# [Risolto] Emerge depclean mi ha disinstallato gcc

## Meconiotronic

Come da topic ho voluto dare una pulita al sistema ma tra i vari pacchetti è stato disinstallato anche gcc. 

Ovviamente ora emerge gcc non va perchè manca il compilatore.

Come posso fare?Last edited by Meconiotronic on Sat Oct 22, 2011 10:27 am; edited 1 time in total

----------

## k01

1) perchè non hai controllato quali pacchetti voleva unmergere --depclean??

2) se ha selezionato gcc significa che comunque c'è già un'altra versione installata con un aggiornamento. dai gcc-config -l e setta la nuova con gcc-config X, con X che corrisponde al numero nell'elenco

3) se gcc-config non restituisce niente dovrai installare gcc da pacchetto binario, ma non credo sia questo il caso

----------

## djinnZ

 *Meconiotronic wrote:*   

> Come posso fare?

 Prima cosa verifica se ti ha solo disinstallato il vecchio gcc e ne ha lasciato uno nuovo. Nel caso il consiglio sopra è esatto.

Se invece eix -I gcc o emerge -pv gcc non riportano pacchetti installati devi rivolgerti ai miei consigli bastardi con tanto di errori intenzionali... leggi in documentazione e chiedi cosa non riesci a capire (se rimuovi gcc al riavvio il sistema non dovrebbe più funzionare).

In teoria potrebbe bastare una semplice linea di comando ma, visti alcuni incresciosi episodi, non fornisco più informazioni dirette.

Se sei rimasto del tutto senza gcc non tentare di usare gcc-config (non so se abbiano sistemato ma non è roba che viene verificata tutti i giorni) o diventa un pasticcio. (-l si ma se non hai più gcc installati non tentare di impostare il gcc)

Risolto il primo problema dovrai capire perchè il set system non viene più considerato.

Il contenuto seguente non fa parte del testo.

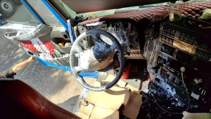 Aracın lastiklerini de bıçakla patlatan kalabalık, tırdaki ticari malzemeleri barındıran kolileri yere atarak tekmeledi.
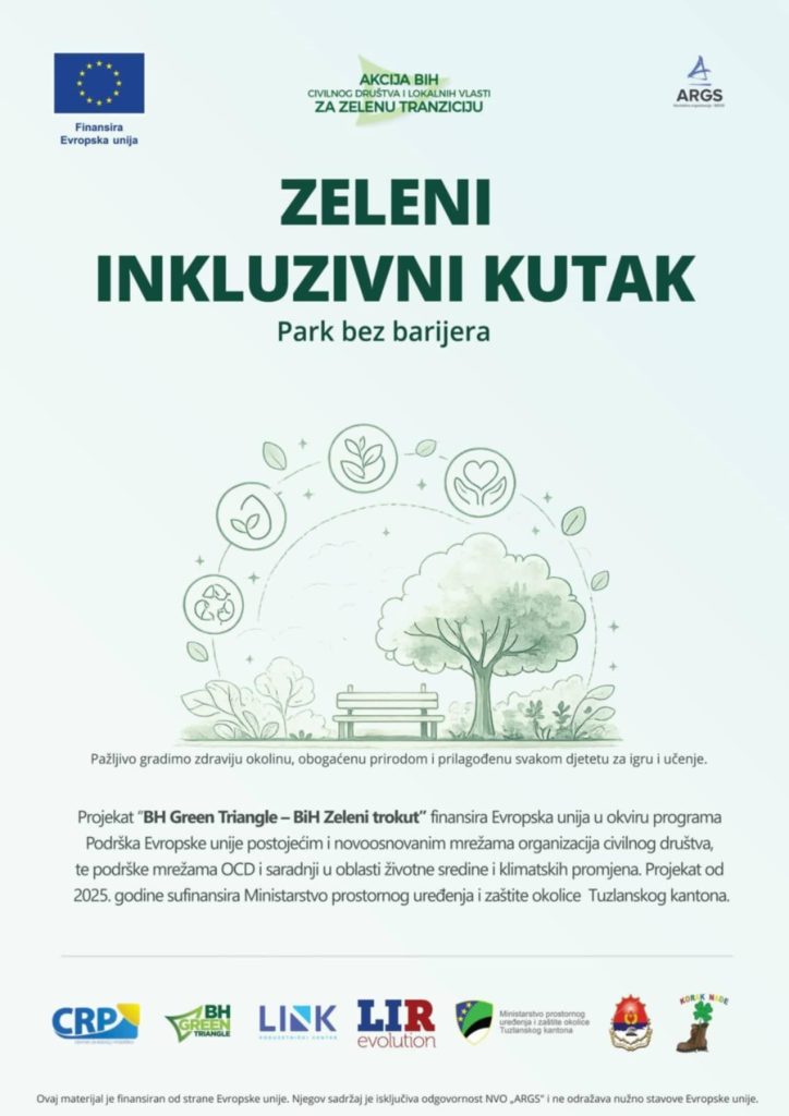 Пројекат „Зелени инклузивни кутак“ реализује се у оквиру иницијативе „BH Green Triangle – БиХ Зелени трокут“, уз финансијску подршку Европске уније у Босни и Херцеговини.
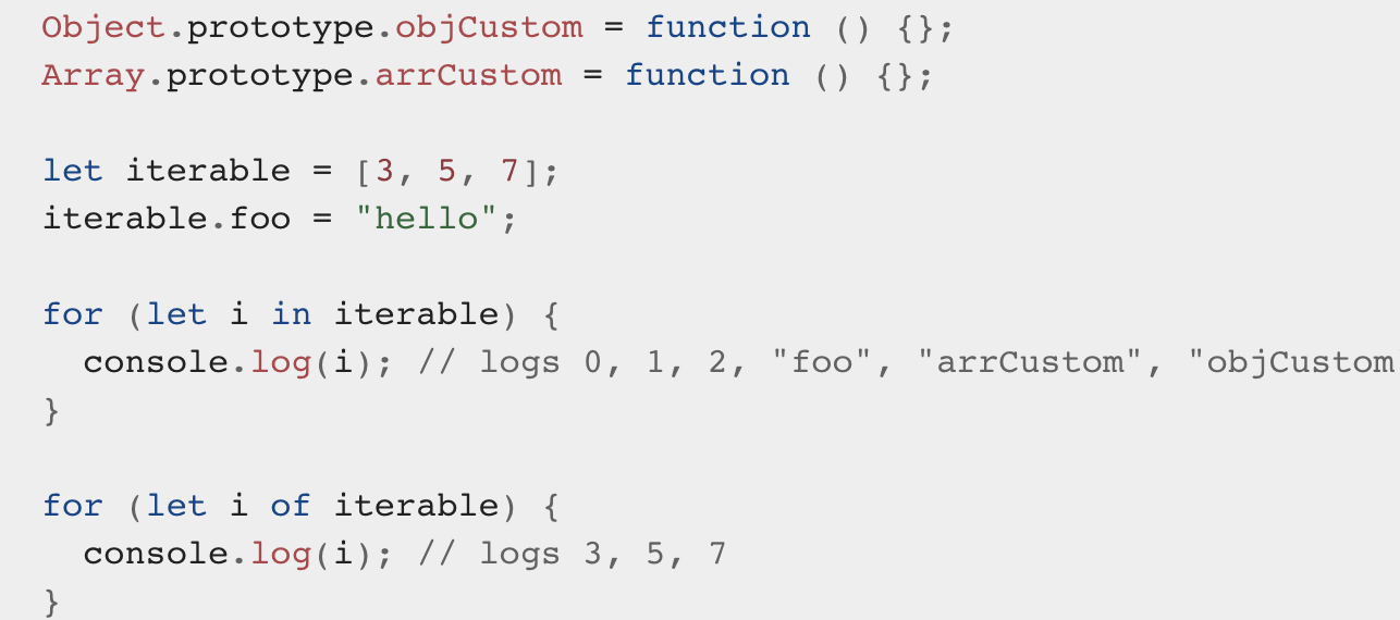for ...in의 경우 추가된 object와 열거가능한 모든 속성에대해서 반복을 했지만

mi viene da pensare che non ti sei accorto che il gcc era stato aggiornato, chissà da quanto usavi il vecchio gcc, ai tempi dei 3.x era il caso di procedere con un emerge -e @system ora non dovrebbe più dar rogne.

----------

## Meconiotronic

 *The Extremer wrote:*   

> 1) perchè non hai controllato quali pacchetti voleva unmergere --depclean??
> 
> 2) se ha selezionato gcc significa che comunque c'è già un'altra versione installata con un aggiornamento. dai gcc-config -l e setta la nuova con gcc-config X, con X che corrisponde al numero nell'elenco
> 
> 3) se gcc-config non restituisce niente dovrai installare gcc da pacchetto binario, ma non credo sia questo il caso

 

Grazie siete sempre i numeri 1.

Praticamente anche se avevo una sola versione di gcc installata non era abilitata, ho risolto con gcc-config 1

Eh si ho fatto la ca..ta mi sono fidato visto che il depclean negli ultimi tempi non mi disinstallava pacchetti assurdi come tutte le versioni di python (Una volta me lo ha fatto emerge non funzionava più perchè credo sia scritto proprio in python mi è toccato installare il sorgente a mano)

Grazie ancora, in futuro ci starò più attento

----------

## Meconiotronic

 *djinnZ wrote:*   

>  *Meconiotronic wrote:*   Come posso fare? Prima cosa verifica se ti ha solo disinstallato il vecchio gcc e ne ha lasciato uno nuovo. Nel caso il consiglio sopra è esatto.
> 
> Se invece eix -I gcc o emerge -pv gcc non riportano pacchetti installati devi rivolgerti ai miei consigli bastardi con tanto di errori intenzionali... leggi in documentazione e chiedi cosa non riesci a capire (se rimuovi gcc al riavvio il sistema non dovrebbe più funzionare).
> 
> In teoria potrebbe bastare una semplice linea di comando ma, visti alcuni incresciosi episodi, non fornisco più informazioni dirette.
> ...

 

Eh si sinceramente non ricordo, se era la versione 3 ero indietro di parecchio, io per sicurezza ora mi sto ricompilando il kernel e tutti i driver per evitare conflitti hai presente gli stop OxFFFFFFFFFFFFFFFFFFF al boot quando hai il kernel compilato con una versione di gcc e il driver di un altra poi per il restodegli eseguibili salvo complicazioni prima o poi con gli update si ricompileranno tutti

----------

## djinnZ

Tanto per chiarezza: con il gcc 4.x non è più inderogabile ricompilare system al passaggio di versione. Se lo fai non fai male ma non è utilissimo e potrebbe persino essere controproducente (le ottimizzazioni attivate da -march=native cambiano certamente tra una versione e l'altra). Regolati di conseguenza "cum grano salis", citando Guareschi.

per gli altri eseguibili potresti regolarti in base alle date in /var/db/pkg con un banalissimo find, ma non dovresti avere problemi.

Il meccanismo della mancata selezione automatica è giustificabile in una debolezza di gcc-config mai risolta (in effetti l'ebuild dovrebbe selezionare automaticamente l'unico gcc rimasto) ed è dovuto al fatto che probabilmente puoi non volere come gcc di sistema quallo più recente.

Se pialli del tutto il gcc (l'ultima volta che mi è capitato c'era ancora il 3.x quindi non so se hanno risolto e come), poichè si porta dietro alcuni elementi critici è facile che al riavvio il sistema dia errore su tuttto e sia necessario (e prudente, in ogni caso meglio non rischiare) procedere all'installazione da binario da un altro sistema con emerge --root= --config-root= 

Inutile dire che se il depclean rimuove del tutto gcc deve per forza esser capitato un guaio, quindi dopo aver riportato il sietam alla normalità dovrai capire cosa hai mandato a donnine allegre nel portage o se banalmente hai problemi con i profili o con l'albero di portage.

----------